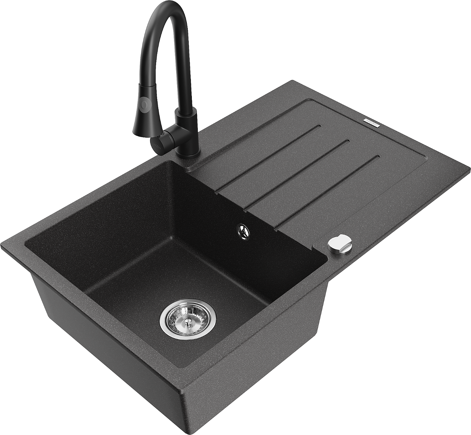 Mexen Bruno jednorázový dřez s odkapávačem a kuchyňskou baterií Elia, černý tečkovaný - 6513-76-670101-70
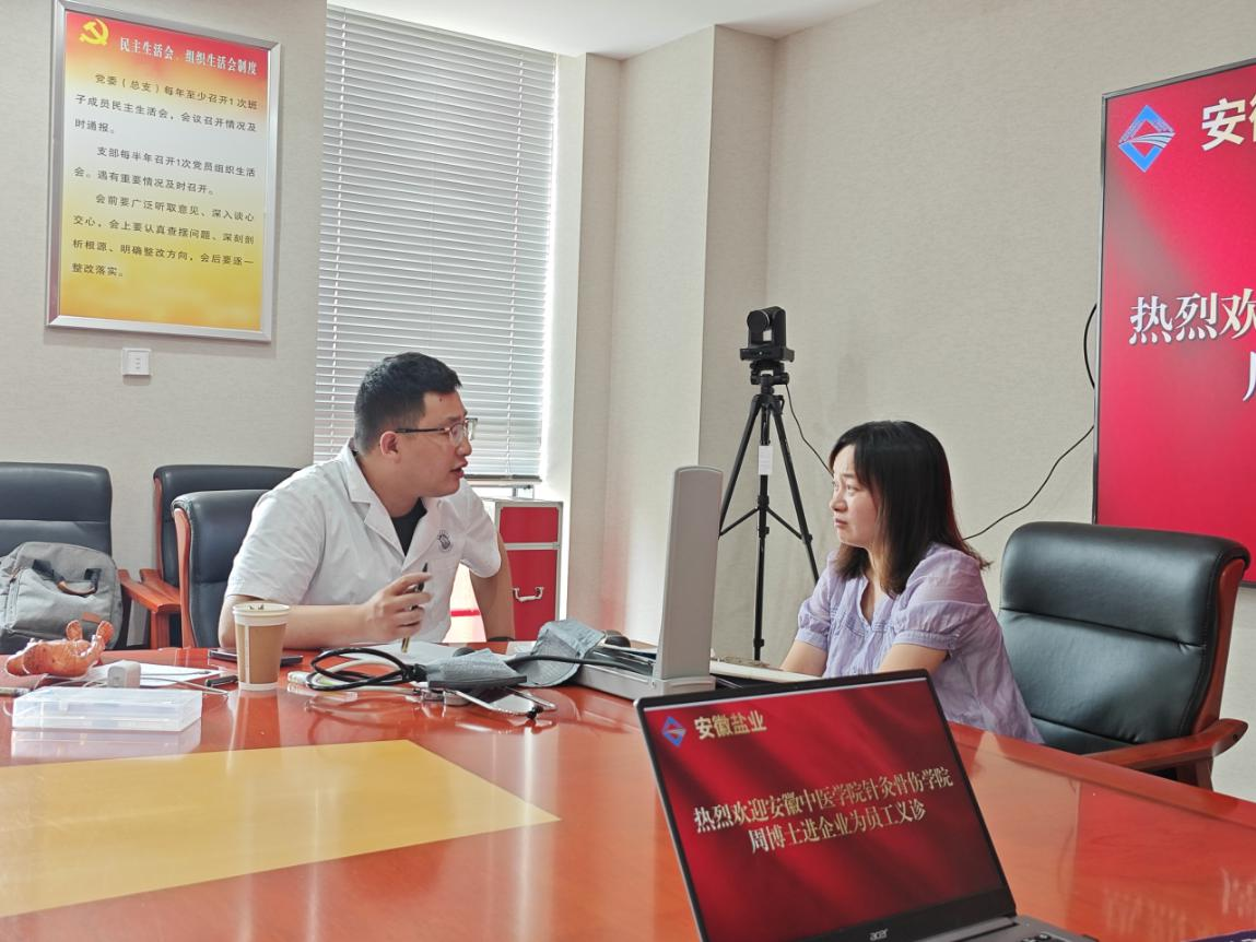 为了提高广大员工的健康意识,近日,盐业发展公司工会邀请了安徽省中医院针灸骨伤学院周东博士开展了员工免费问诊服务。
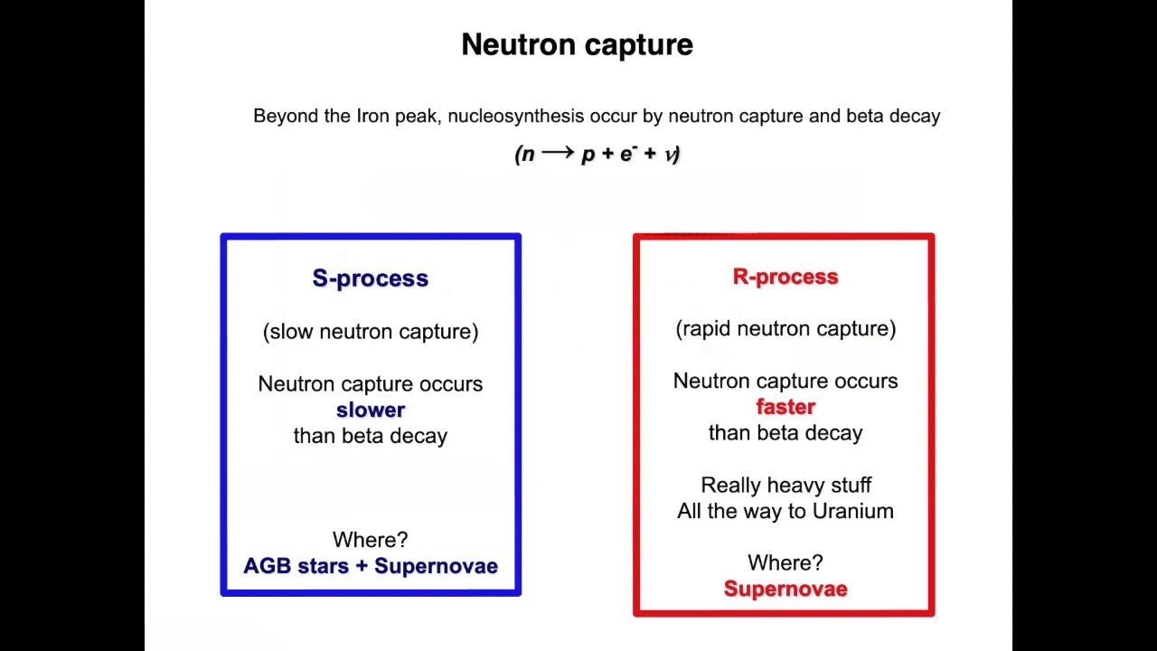 Het r-proces is sneller in het invangen van neutronen, maar het levert extreem instabiele isotopen op die pas later stabiel worden.

**Aim of the exercise**. Would you copy the lines from the one holding "为了提高广大员工的健康意识,近日,盐业发" down to the last line of the material, both included, exactly and with nothing added, skipping the pictures?

**Your solution**.
 为了提高广大员工的健康意识,近日,盐业发展公司工会邀请了安徽省中医院针灸骨伤学院周东博士开展了员工免费问诊服务。
 Het r-proces is sneller in het invangen van neutronen, maar het levert extreem instabiele isotopen op die pas later stabiel worden.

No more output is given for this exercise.